Exercise data:

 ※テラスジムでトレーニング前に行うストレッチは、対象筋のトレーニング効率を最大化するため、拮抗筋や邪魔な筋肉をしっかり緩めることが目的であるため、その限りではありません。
--
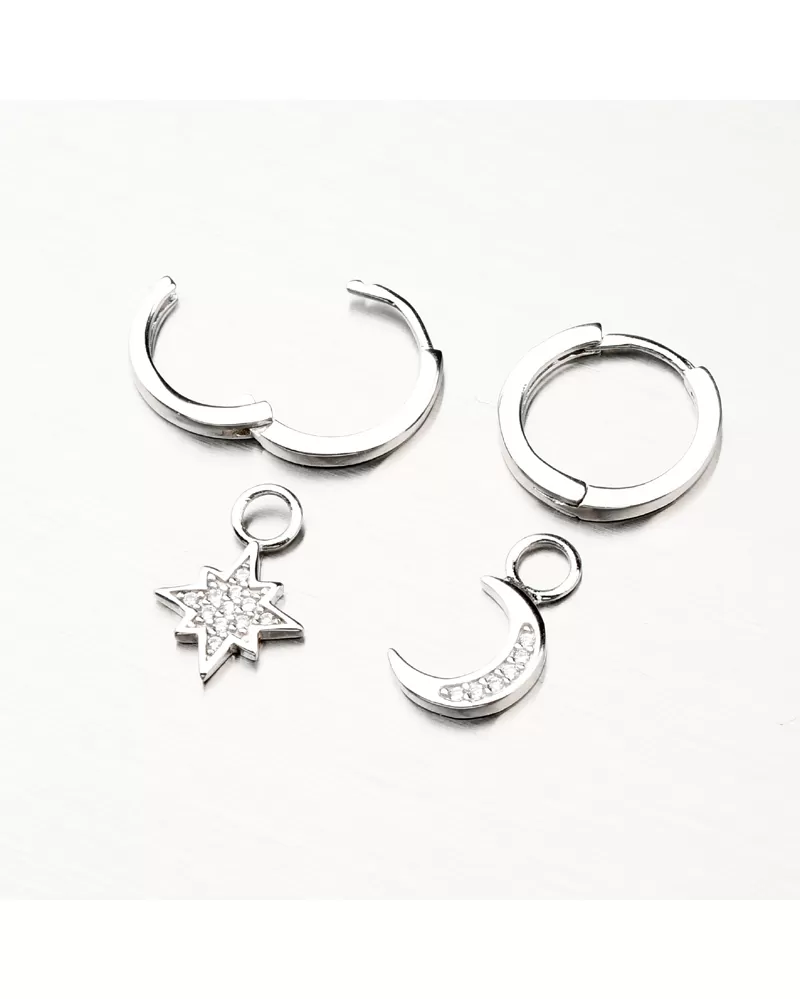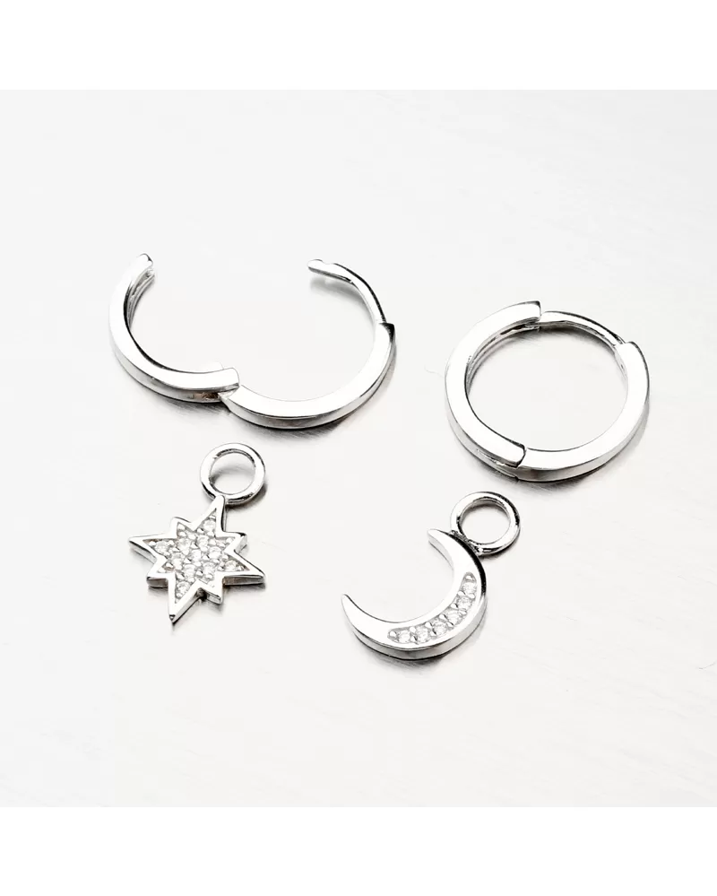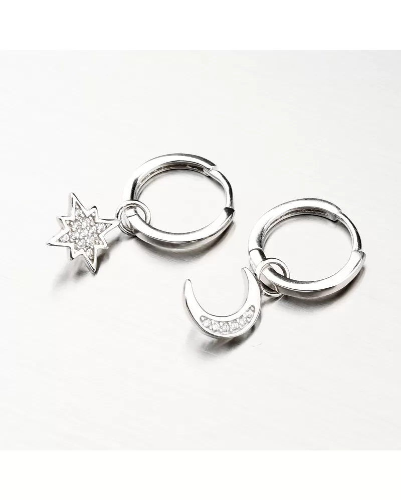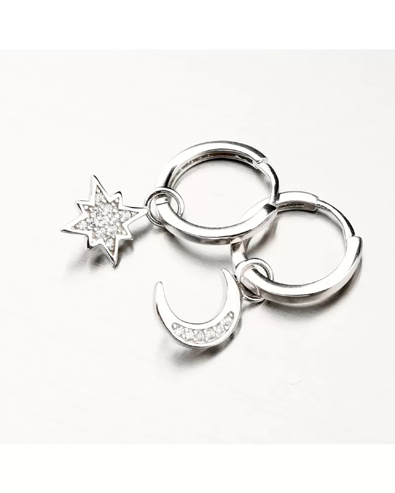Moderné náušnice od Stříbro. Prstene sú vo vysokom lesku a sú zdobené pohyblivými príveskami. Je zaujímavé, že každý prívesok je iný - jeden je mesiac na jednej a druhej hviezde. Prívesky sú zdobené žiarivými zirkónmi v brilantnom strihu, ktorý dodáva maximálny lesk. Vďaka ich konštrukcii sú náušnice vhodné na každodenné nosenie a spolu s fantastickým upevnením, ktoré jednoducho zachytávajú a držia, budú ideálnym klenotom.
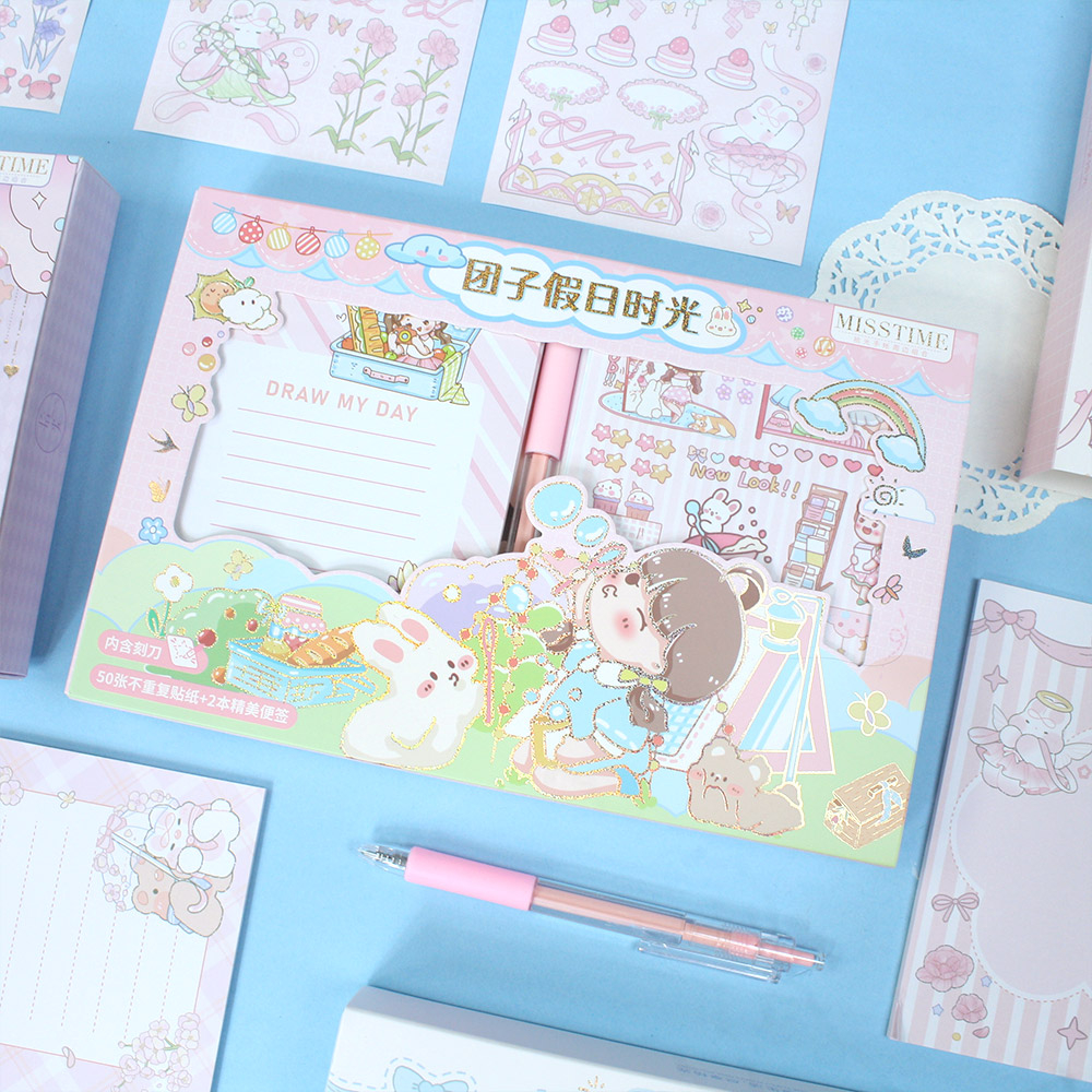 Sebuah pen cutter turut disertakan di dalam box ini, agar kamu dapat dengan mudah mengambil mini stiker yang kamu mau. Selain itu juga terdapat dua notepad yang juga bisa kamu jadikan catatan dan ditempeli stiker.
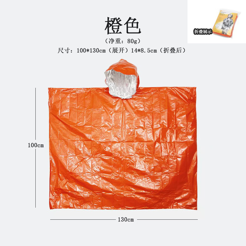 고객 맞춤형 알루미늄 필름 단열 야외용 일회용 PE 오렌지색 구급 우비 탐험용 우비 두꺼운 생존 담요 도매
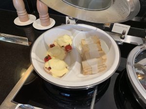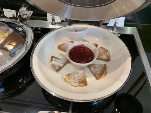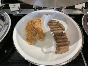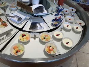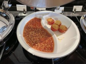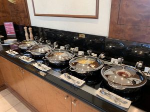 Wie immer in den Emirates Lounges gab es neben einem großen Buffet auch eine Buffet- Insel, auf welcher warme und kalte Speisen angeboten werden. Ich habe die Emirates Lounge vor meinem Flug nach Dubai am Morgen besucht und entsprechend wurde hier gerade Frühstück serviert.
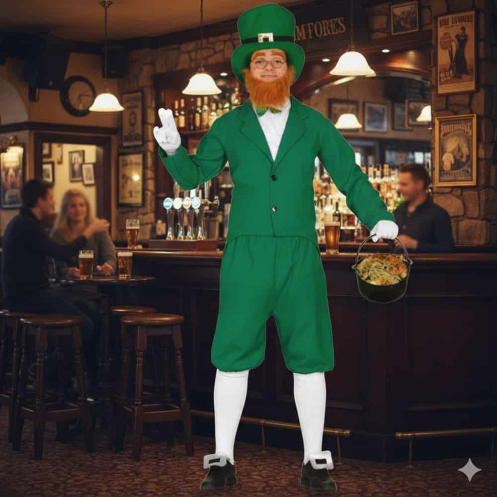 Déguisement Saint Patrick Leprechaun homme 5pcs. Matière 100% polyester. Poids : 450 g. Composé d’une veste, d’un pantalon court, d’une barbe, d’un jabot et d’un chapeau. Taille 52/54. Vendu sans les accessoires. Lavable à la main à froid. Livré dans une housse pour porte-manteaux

What the task requires:
Retype, exactly and with no pictures, everything above from the line with "Sebuah pen cutter" down to the line with "Wie immer in", both included.

Answer to the exercise:
 Sebuah pen cutter turut disertakan di dalam box ini, agar kamu dapat dengan mudah mengambil mini stiker yang kamu mau. Selain itu juga terdapat dua notepad yang juga bisa kamu jadikan catatan dan ditempeli stiker.
 고객 맞춤형 알루미늄 필름 단열 야외용 일회용 PE 오렌지색 구급 우비 탐험용 우비 두꺼운 생존 담요 도매
 Wie immer in den Emirates Lounges gab es neben einem großen Buffet auch eine Buffet- Insel, auf welcher warme und kalte Speisen angeboten werden. Ich habe die Emirates Lounge vor meinem Flug nach Dubai am Morgen besucht und entsprechend wurde hier gerade Frühstück serviert.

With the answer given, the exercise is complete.